While the actors in Genisys have largely changed, the characters remain the same. It’s 2029, and John Connor (Jason Clarke) leads the human resistance in a post-apocalyptic showdown against Skynet’s army of machines. But just when Connor and crew are about to secure a permanent victory, Skynet sends a T-800 Terminator (Arnold Schwarzenegger) back to 1984, to erase Sarah Connor (Emilia Clarke), before she has a chance to birth John into being, while John’s trusted lieutenant Kyle Reese (Jai Courtney) jumps time to save Sarah. If these strokes sound familiar, it’s because they precisely replicate moments from the 1984 film that started it all.
Loyalists are apt to nod nostalgically at a nakedly-buff Schwarzenegger attempting to relieve three punkers of their clothes, or Reese sizing a pair of Nikes, as he evades the police in a downtown LA department store. But Kalogridis and Lussier paired these callbacks with fresh angles. In this go around, John Connor follows Reese through time, presumably to help protect his mother, until an encounter with an MRI reveals his transformation into a nanomachine hybrid, programmed by Skynet to wipe Sarah out.

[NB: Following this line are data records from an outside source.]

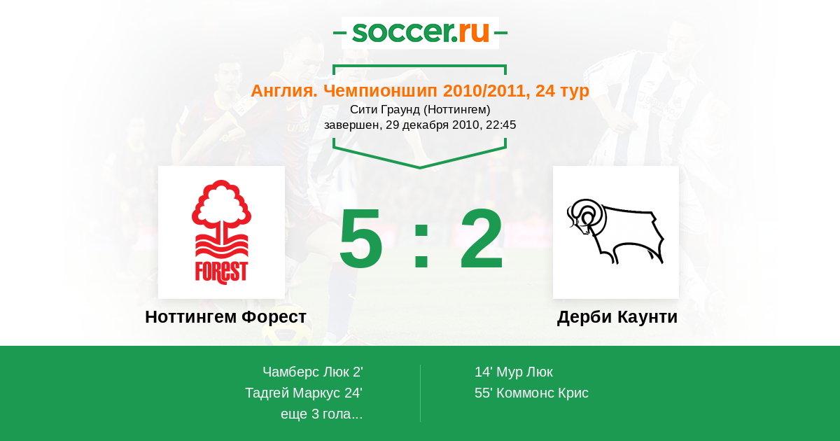 Протокол матча Ноттингем Форест против Дерби Каунти
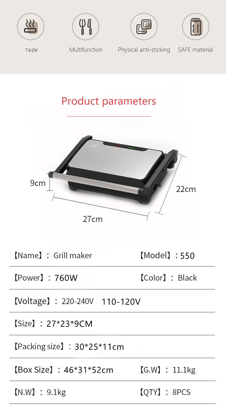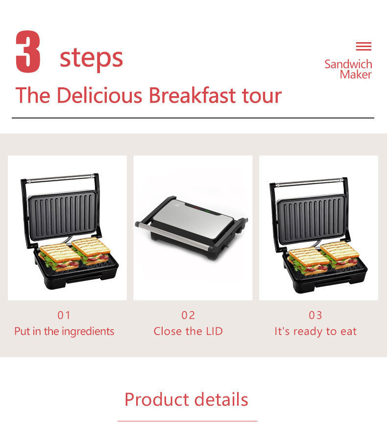 中性无牌牛排机煎烤机帕尼尼早餐机 180度摊平早餐机压三明治机
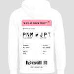 Met de boarding pass hoodie maak je niet alleen een statement, je creëert ook een outfit die helemaal jouw eigen is. Het roze label aan de bovenkant maakt het een unieke hoodie, terwijl de boarding pass print de perfecte achtergrond biedt voor je persoonlijke tekst. Kies je eigen plaatsnaam, voeg een boodschap toe, en maak een hoodie die echt bij jou past.
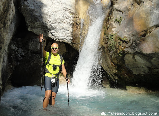 Al principio el cauce del río está disperso debido a que lleva poca agua, pero poco a poco el cauce se va estrechando y el nivel del agua toma altura y rapidez pero sin exageración, aunque es finales de octubre como todavía no ha llovido se puede realizar la ruta sin problemas. Al poco de empezar la ruta llegamos a una cascada a nuestra derecha, mas tarde la volveremos a pasar pero mucho mas arriba por la acequia por donde volveremos. Continuamos por el río pasando la zona mas estrecha y me atrevería a decir mas espectacular, aunque cuando llegamos al la zona denominada de las pozas también es espectacular ya no por lo estrecho de cauce sino por las rocas que tiene que sortear el río y los saltos que produce.
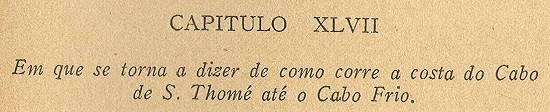 Da Ilha de Santa Ana à Baía do Salvador são três léguas e dessa baía à Baía Formosa são sete léguas; da Baía Formosa ao Cabo Frio são duas léguas. E corre-se a costa Norte-Sul. Até essa Baía Formosa corriam os goitacases no seu tempo, mas vivem já mais afastados do mar, pelo que não há que arrecear para se povoar qualquer parte desta costa do Espírito Santo até o Cabo Frio.

Kalogridis and Lussier raise the time-travel paradox stakes with multiple, often overlapping alternative timelines. In one, a reprogrammed T-800 saves Sarah from a T-1000 (a shapeshifting Lee Byung-hun), when she was just nine year old. This “Guardian” Terminator has shadowed Sarah as her protector, ever since.
Kalogridis and Lussier sat with Creative Screenwriting to discuss time travel cause and effect, their process for resolving narrative disagreements, and their reluctance to enter the house that Cameron built.
You’ve earlier expressed hesitance to take this project on. Was that hyperbole, or did you truly say “Hell no”?
Laeta: We truly said “Hell no” three times.
Yet I’m interviewing you right now. So what ultimately turned three “Hell no’s” into a “yes”?
Patrick: We were doing another project for (producers) David Ellison and Dana Goldberg, who approached us about this, and even though our initial answer was “no”, the “what if” conversation began and that leak started to happen.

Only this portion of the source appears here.